Изменить стиль страницы

Настроение у меня было ужасное. Чувствовала и понимала, что погрязла в грехе. Во-первых, смотрела в окно, что само по себе уже грех, во-вторых, влюбилась, что грех уже серьезный и необычайный и, наконец, этот ужас с больным сатаной. Такой страшный объект для любви!

А тут как раз наступил пост и моя первая исповедь.

У нас девочки всегда записывали на бумажке свои грехи, чтоб чего-нибудь не забыть. Грехи записывались свои, чужие — то есть те, которые знала да не донесла, а покрыла и, так сказать, сделалась как бы соучастнишей. Затем грехи обычные и, наконец, тяжкие.

Я все записала, как другие, а в последний момент записочку-то и потеряла.

Можете себе представить мое состояние? И без того-то в душе ужас, хаос, отчаяние, а тут еще грехи потеряла.

А храм у нас был старый, черный, с колоннами. Черные огромные ангелы нагнулись и трубят в трубы. А в узкое узорное окно стучат дождевые капли и текут по стеклу слезами.

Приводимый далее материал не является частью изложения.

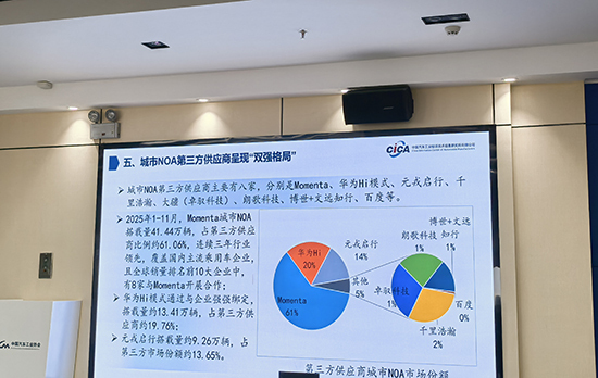 这其中,第三方城市NOA供应商市集呈现“双强主导”面容,Momenta和华为的市集份额诡计占比约好像。2025年1—11月,Momenta城市NOA搭载量41.44万辆,占第三方供应商比例约61.06%,隐敝国内主流乘用车企业;华为HI花式搭载量约13.41万辆,占比第三方供应商约19.76%。
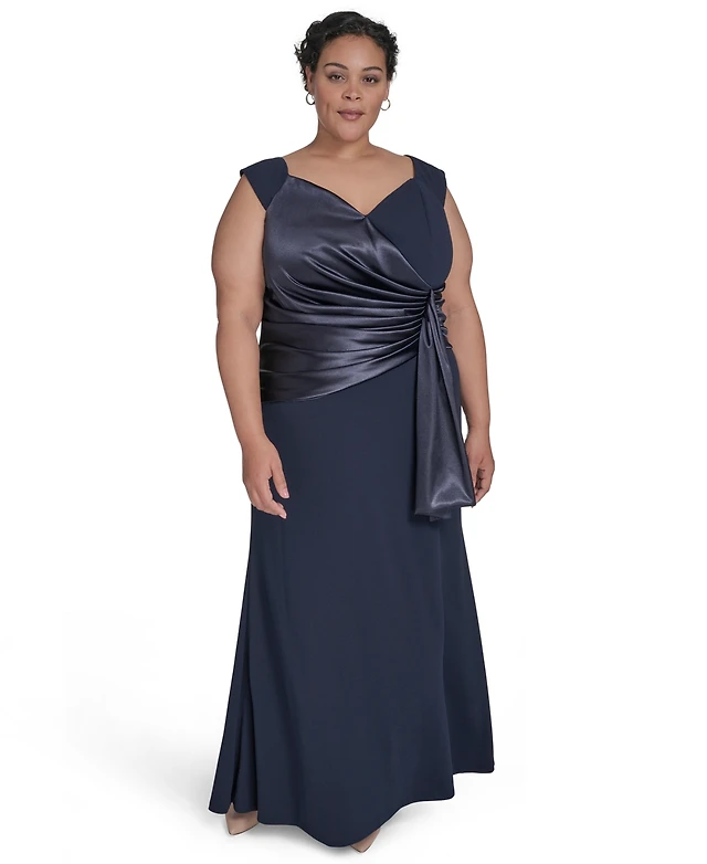 Eliza J Plus Size Mixed-Media Scuba Crepe Sleeveless Gown
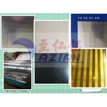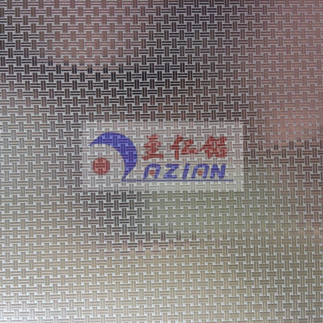 我司主要生產(chǎn)加工壓花鋁板,該花紋為編織紋花紋鋁板。該花紋鋁板是經(jīng)過(guò)壓花、剪切、氧化、封孔、自然涼干等工藝過(guò)程,形成表面帶有一層致密的三氧化二鋁保護(hù)膜的優(yōu)質(zhì)壓花鋁板。它耐酸雨腐蝕性強(qiáng)于普通不銹鋼,具有持久的光澤和美觀的花紋。防腐涂層性能穩(wěn)定,附著力強(qiáng),不脫落,耐沖擊,無(wú)毒副作用,安全環(huán)保。產(chǎn)品表面整潔、光澤。電氧化以后可以消除鋁板表面殘留油污、人工搬運(yùn)指印、輕微的劃傷、擦等。被廣泛應(yīng)用于冷柜、冷庫(kù)、冰箱、紅酒柜、太陽(yáng)能熱水器水箱反光板、裝飾鋁質(zhì)品、燈飾、箱包、消毒柜、廚柜、中央空調(diào)通風(fēng)管道、室內(nèi)外裝修、機(jī)械設(shè)備外殼等行業(yè)。壓花后能夠增強(qiáng)鋁板的厚度、強(qiáng)度,可壓厚度為0.15mm—3.0mm、寬度最寬1.4m的鋁板。壓花之后鋁板可加厚0.1mm-0.25mm。.尺寸可按客戶要求生產(chǎn)。

И надо будет сказать старому строгому кюре о моем страшном грехе. И он не простит меня, ни за что не простит, и закачаются колонны, и затрубят черные ангелы, и рухнут своды.

— Будь проклята, черная грешница!

И вот я у окошечка. Рассказываю дрожащим голосом о том, как лгала, как украла у Галюси чудную новую резинку, маленькую, круглую. Потом вернула. Как люблю сладкое, как ленюсь. Ах, все это пустяки. Я не ребенок, я отлично понимаю, что сам кюре позавидовал бы такой резинке. Все это вздор и мелочи. Главное впереди.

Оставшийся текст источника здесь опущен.